Wednesday, May 1, 2013

Living My Life as Art

I heard Ann Voskamp talk of her life being art.  That phrase stuck with me and kept pulling me in deeper.  Amazing how God can use one single phrase to narrow down life…to wake us from slumber and put our feet back on the path He intended us to walk.

My life…this one solitary life…is an art form offered to the living God who created me.  How do we lose sight of this?  Perhaps the monotonous clouds the amazing.  Perhaps vacuuming doesn't feel like art.  Perhaps the mundane makes us pause and longingly look out the window and wonder what's over the next bend.  Perhaps the weight of today's business stumbles feet that were made for dancing and skipping.


What if we were to truly grasp the idea that this one life…this one day…this one moment in time is a gift of craftsmanship we can offer to our Creator?  Does He not delight in birds flying and bees buzzing and the trees producing the kind of fruit they were created to yield?

Cannot scrubbing the bathtub or watering the plants or bathing our children or ironing shirts be an offering to Him?  And not just an offering but a beautiful mosaic.


One life lived purposely, even in the mundane, the daily, the monotonous, the duties...  The idea of this very thing being ART does shift the paradigm.  If every meal becomes a work of artistry, even the meager can become grand.  If every chore is entered into with fingers and soul bent on producing something beautiful and unique, would not every crevice hum?

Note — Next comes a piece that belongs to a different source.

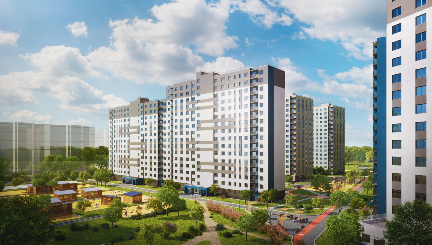 Отличительная особенность ЖК– благоприятная экология. Комплекс окружен густым лесом – чистый воздух и возможность для прогулки. Загородные преимущества места идеально сочетаются с городской благоустроенностью –  появятся 4 школы и 9 детских садов.
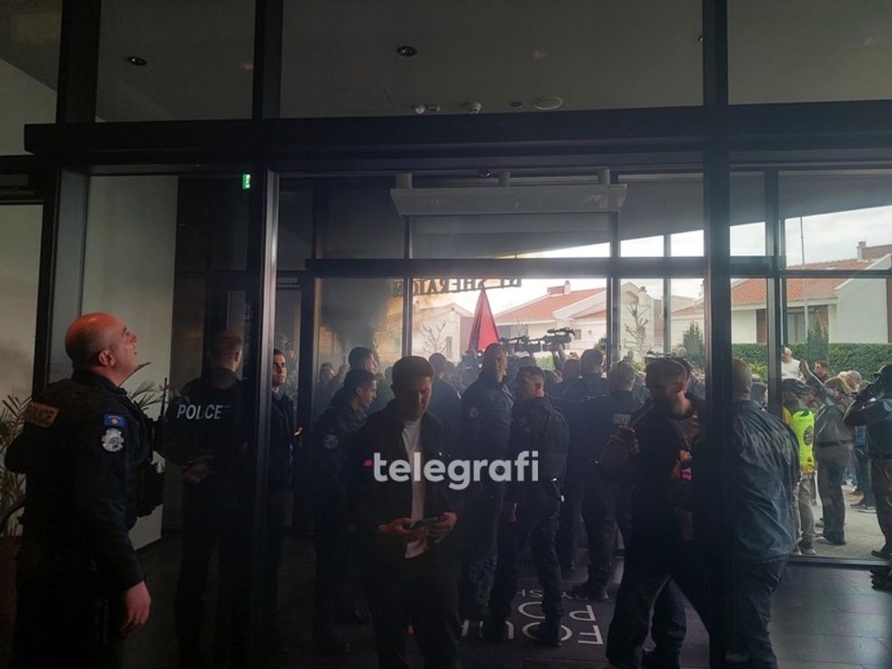 Ata protestuan kundër vizitës së Trendafilovas, ndërsa një numër i pjesëtarëve të Policisë së Kosovës ishin të pranishëm.

Why would we simply survive day to day, getting through the to-do lists, when we could choose to instead thrive?  To CHOOSE to be an artist with this very moment, this breakfast, this load of laundry, this sink full of dishes, this story time, this science lesson, this day, this trial, this season.


And remember the servant who was trusted with a little.  If we are faithful with this little we have already been given, He will entrust us with more.  He has to test us and prove us in the little things to prepare us for even larger territory.

Eric Ludy pointed out so fervently this point in a message he recently gave.  Was it not King David who was told he'd be king but then sent out to be a shepherd?  He shepherded those sheep with skill as if he were shepherding a nation…faithful in the little things.  He was tested with a lion and a bear before He was sent out to defeat Goliath.  And all these trials and hardships and monotony of shepherd life were testing grounds to ready him for a broader range of leadership…kingship. 

Today let my life be an offering...a work of art…in the little things He has given me to do this day, this moment.  Let me be tested and proven faithful to not only do those little things but to do them beautifully, gracefully…as a craftsmanship to the one who gave me breath.  It is in these little things that we are being prepared for even more Kingdom work.